Julian ate no dinner. He found a wine bar and drank cautiously from a communal bottle of something red and sparkly, a kind of alcoholic soda. He sat in a sea of couches and every now and then some grinning celebrant poured a swallow into his glass and raised it vaguely at the others. A kind of listless cheers, offered to the room. Each time, Julian raised his own glass in response, nodding his head. Cheers indeed. When the bottle was empty, and he’d paid far more than he owed, he walked back down to the station and took his position on the ledge.

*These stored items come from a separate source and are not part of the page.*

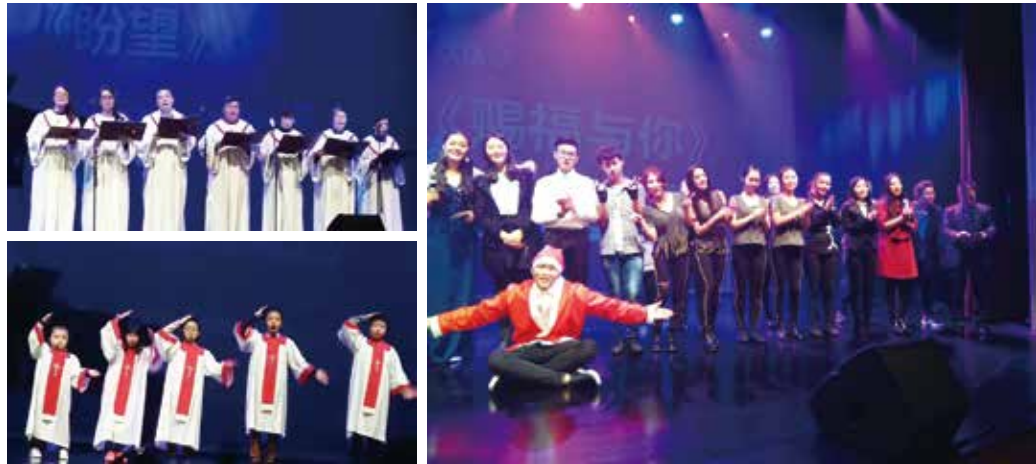
2016年12月 亞速爾聖誕 晚會詩班
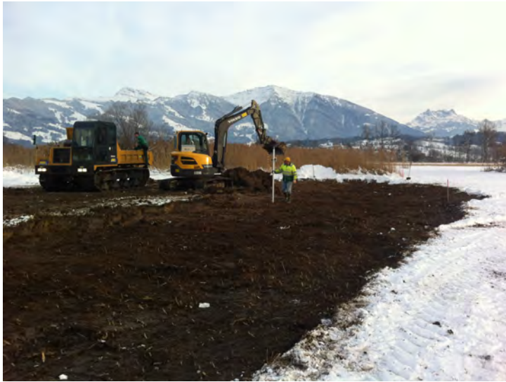
18.01.2016: Beginn Abschürfarbeiten östliche Teilfläche
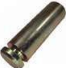
Pino Suporte Barra Tração

Código Original: C7NN807C Código Diversa: 1004977
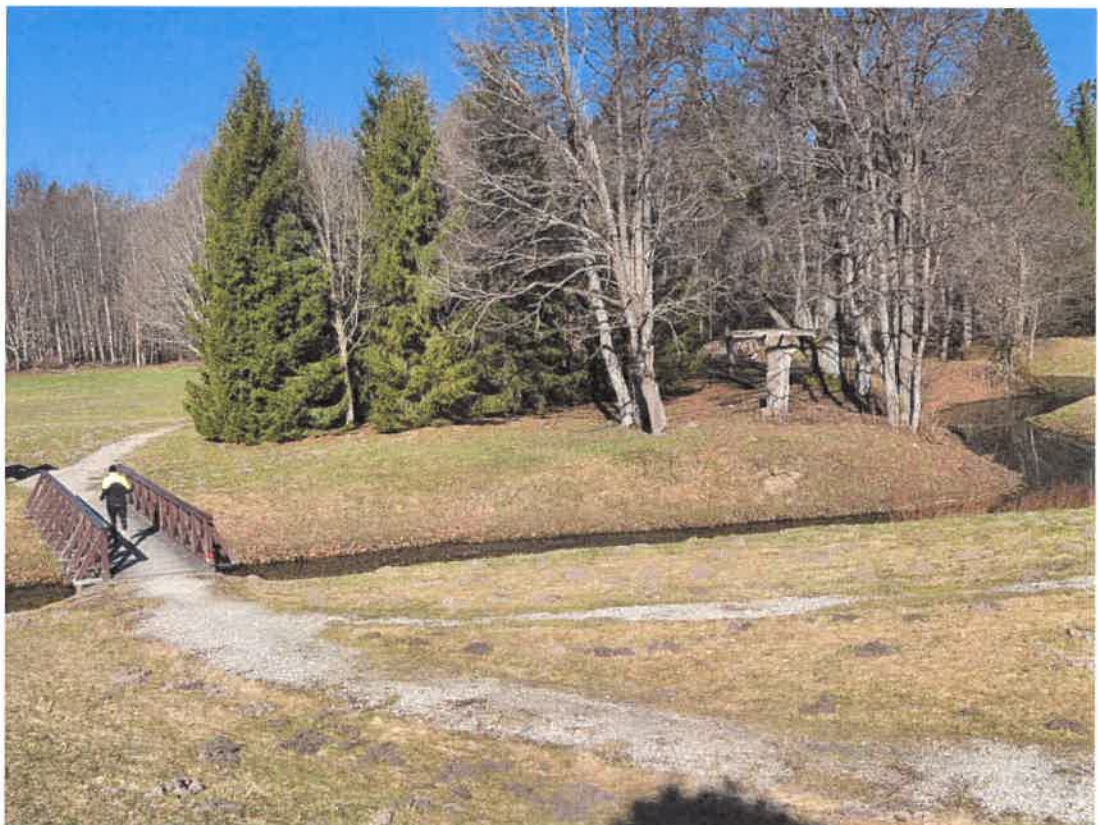
7. Vaizdas į Santakos tiltą ir būsimos pavėsinės pusę

There was something fine about not looking out for Hayley tonight, a desire he’d pledged to destroy. He would take an evening off from feeling incomplete without her. Paid vacation. Nobody had to know that he wasn’t pining for her full-time. He’d done this shit on his own so far, and if Hayley had been here he would have tried to scrape her, day and night, for pity and understanding. She would have been empty by now, empty and seething, but he would have kept scraping, using a spoon, digging deep into her sweetest parts until they were long gone, and still he’d scrape at her, maybe until he could see through to the other side. He’d been doing fine without Hayley and he would do fine and he fucking was fine. He sat and he froze and he shivered, and it was perfectly terrific. Somehow he’d ended up with nothing to be ashamed of. He didn’t even know the train schedule tonight. A wonderful thing to be ignorant of. The trains could do what they liked. He had no good reason to be down at the station—what day was it anyway, and what time was it, and what was his name again?—and yet so far, since he’d arrived, this was his best night in Germany. He even felt sort of healthy, although it made him nervous to think so, and damned if he even knew what healthy meant anymore. He’d long ago lost track of how he was supposed to feel, and on days like this, nights like this, treatment or not, it was hard not to be worried, a little bit, that some of the reactionary, conservative doctors whom Hayley had railed against at home, the ones who’d diagnosed Julian in the merely normal range, might actually have been right. He was fine this whole time. He wasn’t legitimately sick, at least when it came to conventional measurements.

This was just what it felt like, perhaps, to be alive.

Or so these doctors seemed to be saying.

Did other people, he wondered, feel this same way—listless, strange, anxious, dull, scared, you could pretty much go shopping from a list of adjectives—and did everyone else just clench their jaws and endure it? Suit up for the day and fight it out on the streets? Were people barely okay and yet not running, as he did, to the doctor, again and again, and was no one discussing, out of some deep personal bravery, what they were so quietly and politely enduring?